# RECORDS SHOWN:
__________

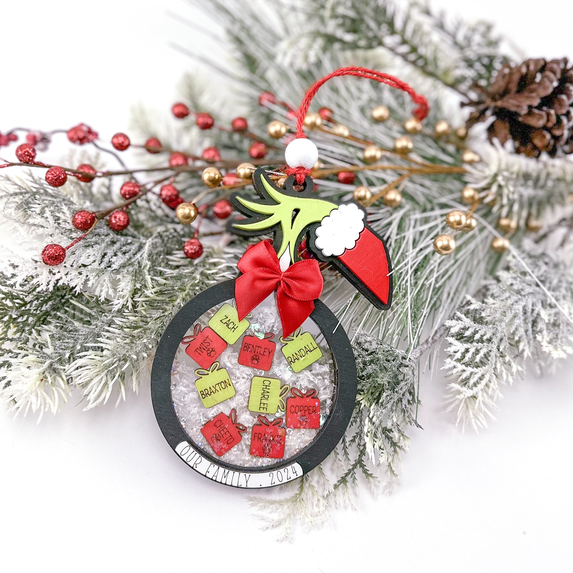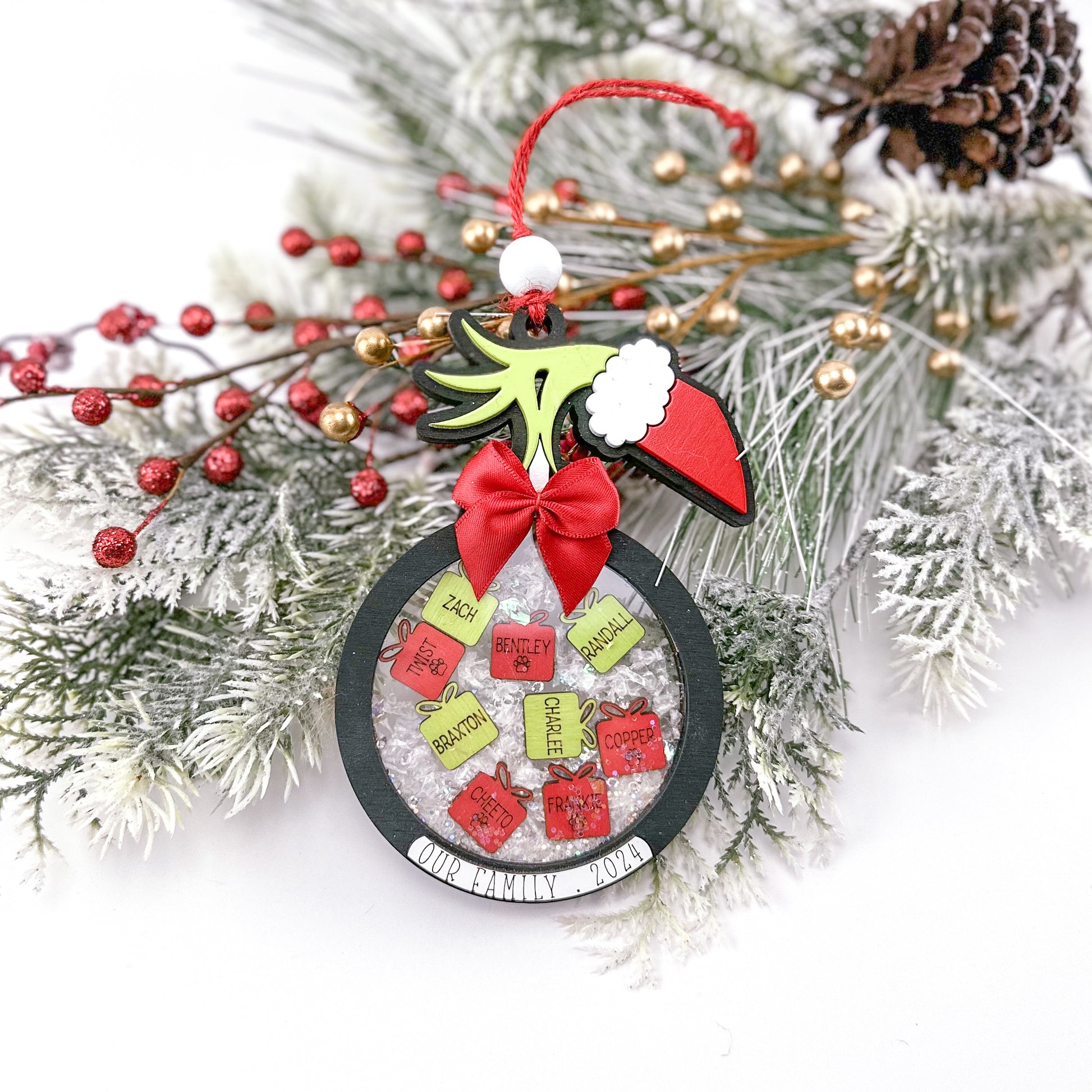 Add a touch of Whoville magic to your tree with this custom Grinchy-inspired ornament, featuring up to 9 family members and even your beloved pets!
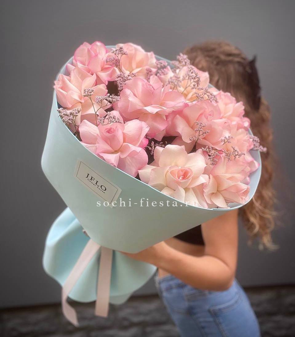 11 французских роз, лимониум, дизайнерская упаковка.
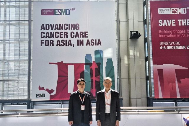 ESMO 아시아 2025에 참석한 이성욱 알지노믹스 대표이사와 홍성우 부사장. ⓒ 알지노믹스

__________

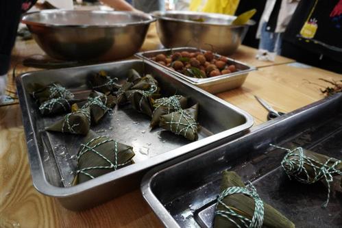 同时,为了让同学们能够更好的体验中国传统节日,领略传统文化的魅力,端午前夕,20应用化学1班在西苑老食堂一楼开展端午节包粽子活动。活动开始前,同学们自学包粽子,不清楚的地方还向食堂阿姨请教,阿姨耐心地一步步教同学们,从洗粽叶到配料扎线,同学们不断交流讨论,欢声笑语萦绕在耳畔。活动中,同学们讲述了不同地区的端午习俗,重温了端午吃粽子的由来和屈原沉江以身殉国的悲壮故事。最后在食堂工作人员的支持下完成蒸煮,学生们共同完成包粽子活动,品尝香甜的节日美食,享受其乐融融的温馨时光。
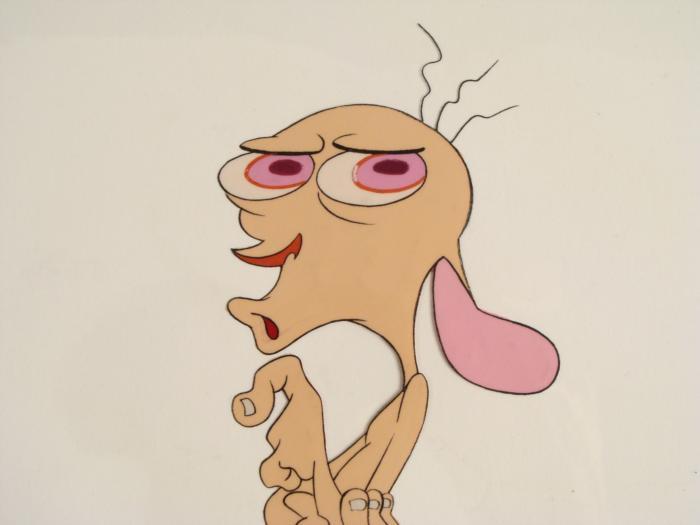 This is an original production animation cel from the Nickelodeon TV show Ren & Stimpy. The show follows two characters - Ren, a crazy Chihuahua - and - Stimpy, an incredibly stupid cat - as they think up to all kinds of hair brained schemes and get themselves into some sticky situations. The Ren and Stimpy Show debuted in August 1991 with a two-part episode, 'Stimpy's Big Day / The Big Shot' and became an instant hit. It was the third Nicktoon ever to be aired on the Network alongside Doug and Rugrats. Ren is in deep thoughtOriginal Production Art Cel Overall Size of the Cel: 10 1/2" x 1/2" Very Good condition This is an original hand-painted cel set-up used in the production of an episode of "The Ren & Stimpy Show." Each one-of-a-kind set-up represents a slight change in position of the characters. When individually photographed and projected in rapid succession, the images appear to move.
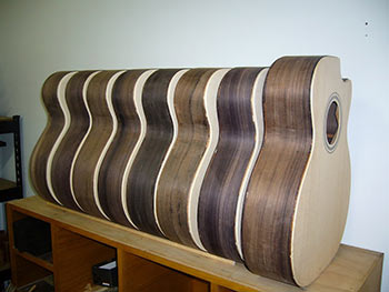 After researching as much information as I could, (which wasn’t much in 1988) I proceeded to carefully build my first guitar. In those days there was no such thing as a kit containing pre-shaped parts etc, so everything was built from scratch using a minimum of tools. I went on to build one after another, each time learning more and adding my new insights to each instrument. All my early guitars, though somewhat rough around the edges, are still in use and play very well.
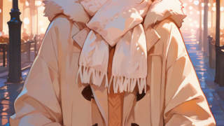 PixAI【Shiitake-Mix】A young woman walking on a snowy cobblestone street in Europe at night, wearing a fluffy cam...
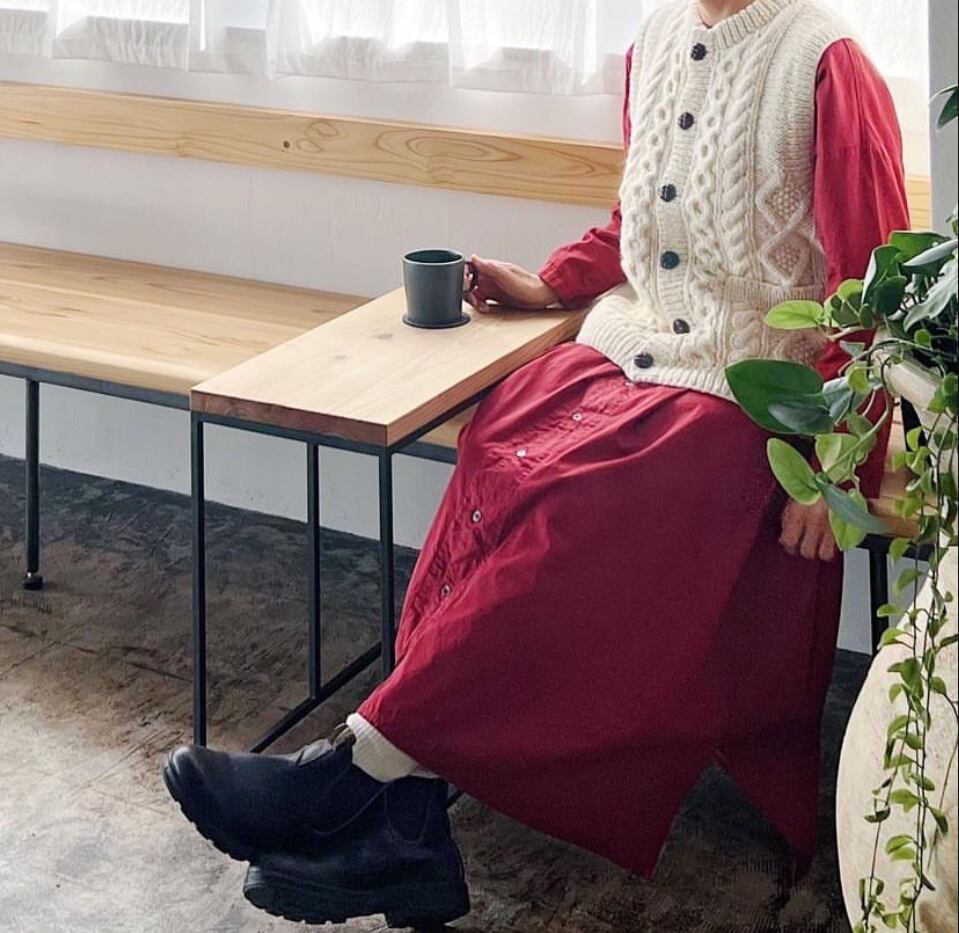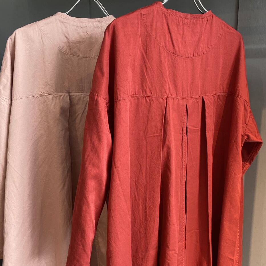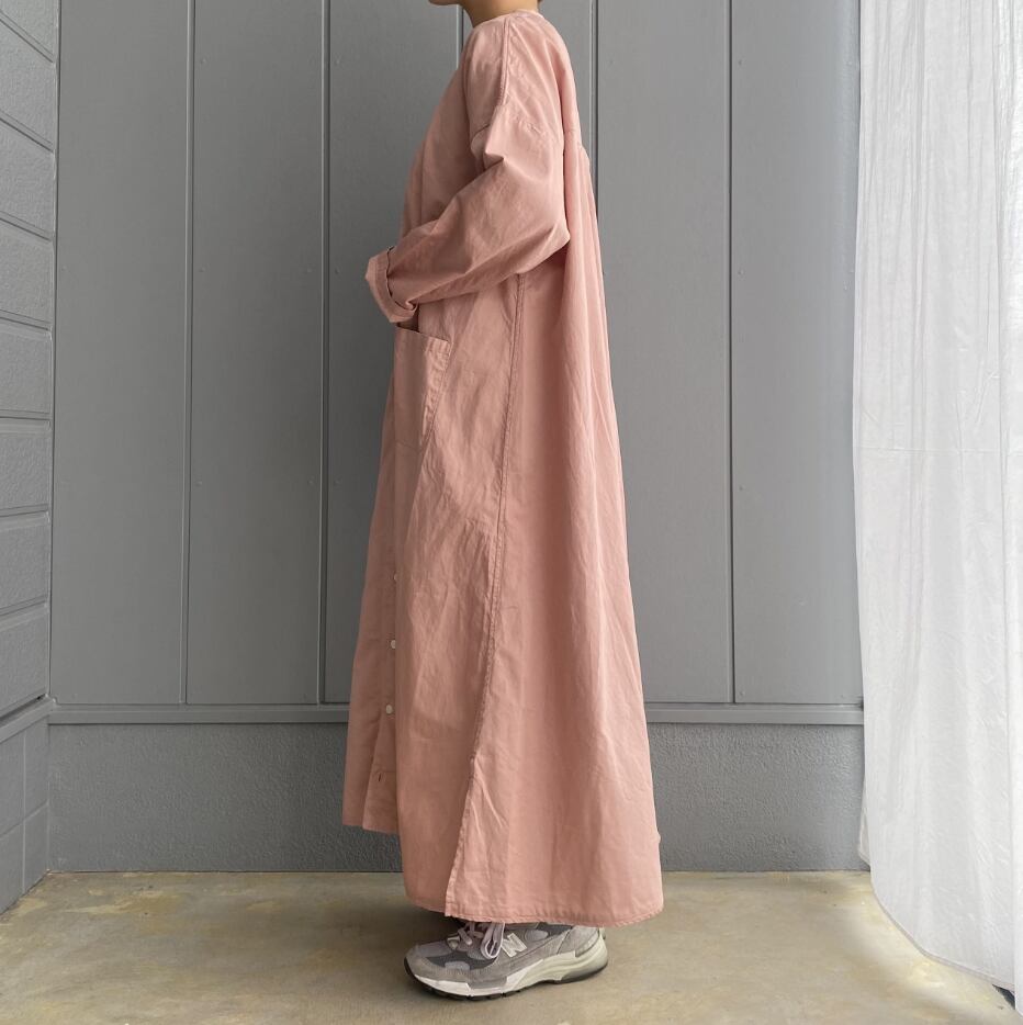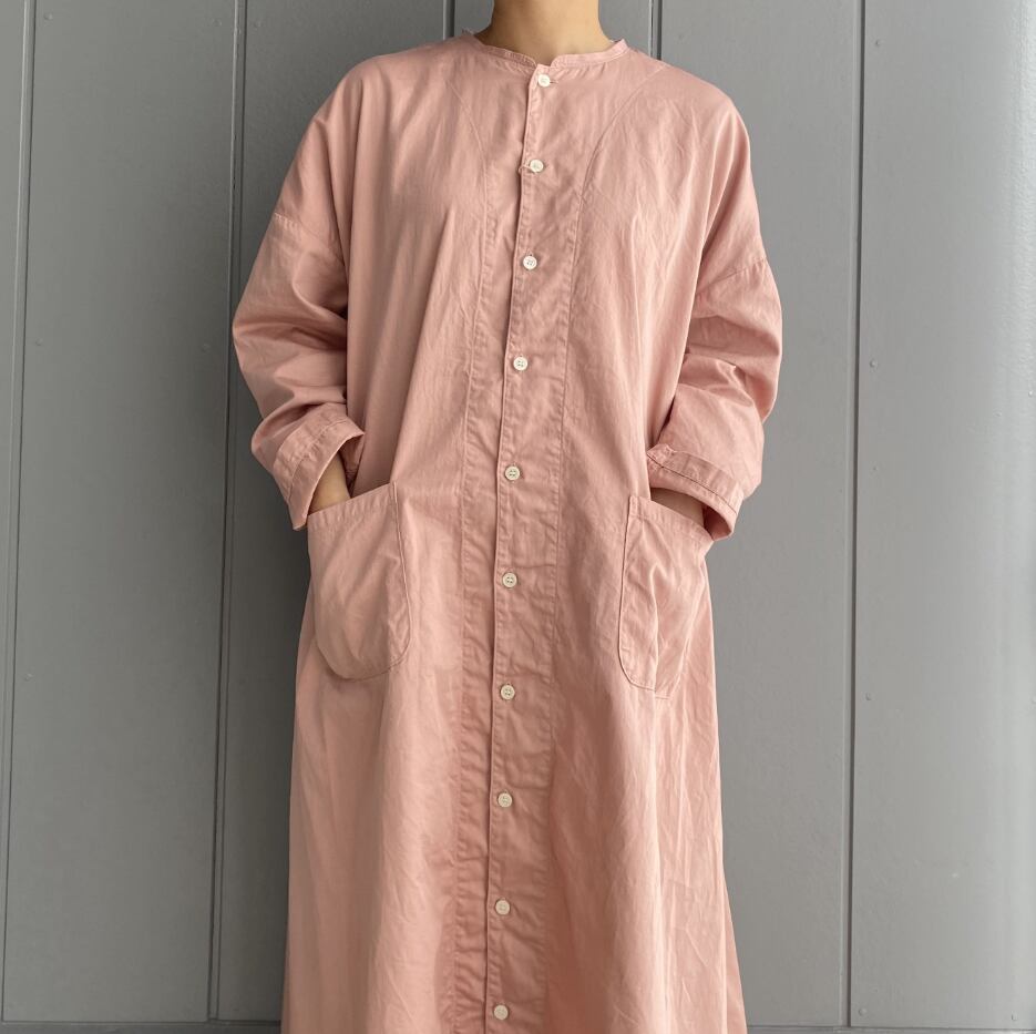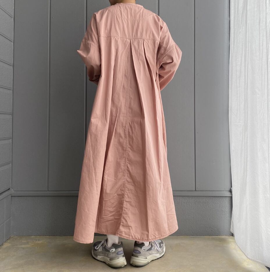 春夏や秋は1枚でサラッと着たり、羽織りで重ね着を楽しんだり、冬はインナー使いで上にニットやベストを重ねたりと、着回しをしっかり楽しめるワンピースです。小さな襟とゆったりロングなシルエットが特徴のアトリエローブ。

__________

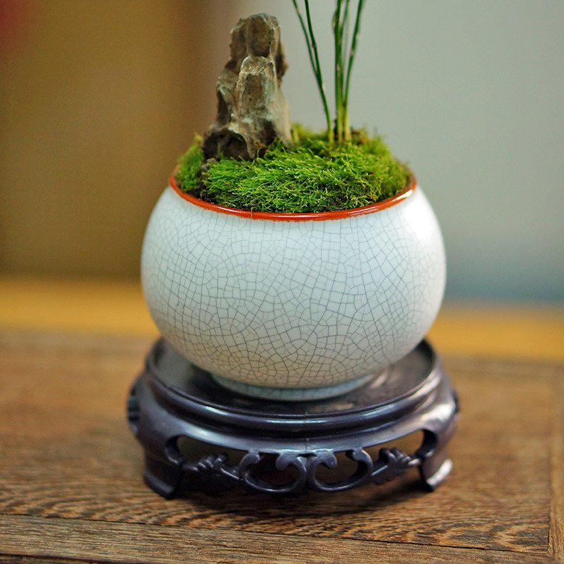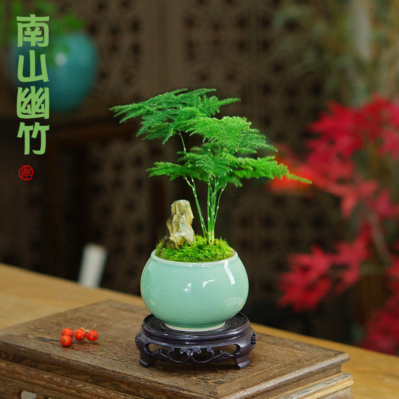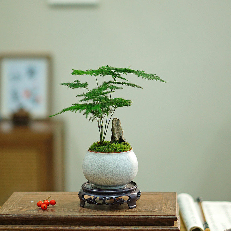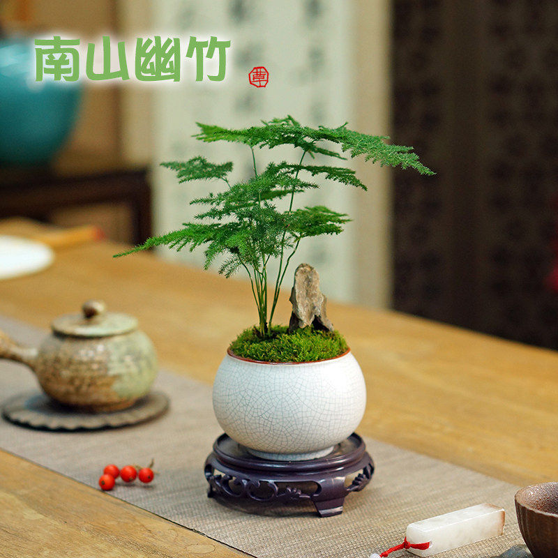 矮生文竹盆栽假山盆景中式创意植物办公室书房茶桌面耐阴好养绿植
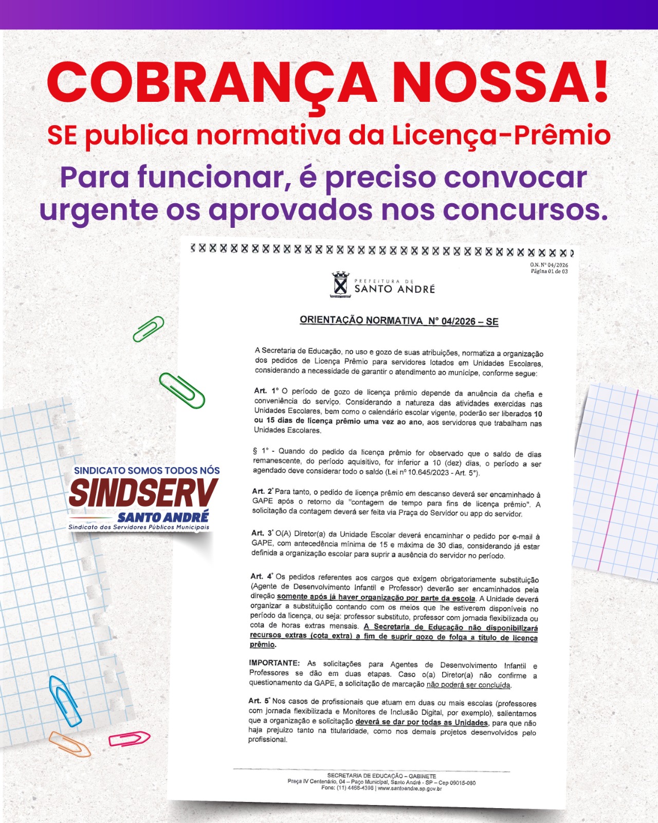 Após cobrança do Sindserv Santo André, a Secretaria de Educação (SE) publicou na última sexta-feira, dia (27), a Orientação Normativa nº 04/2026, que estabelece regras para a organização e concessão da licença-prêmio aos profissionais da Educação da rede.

__________

# TASK TO COMPLETE:
Would you copy out, exactly and with no pictures, only the lines above from the one that contains "Add a touch" through the one that contains "ESMO 아시아 2025에"?

# RESULT OF THE TASK:
 Add a touch of Whoville magic to your tree with this custom Grinchy-inspired ornament, featuring up to 9 family members and even your beloved pets!
 11 французских роз, лимониум, дизайнерская упаковка.
 ESMO 아시아 2025에 참석한 이성욱 알지노믹스 대표이사와 홍성우 부사장. ⓒ 알지노믹스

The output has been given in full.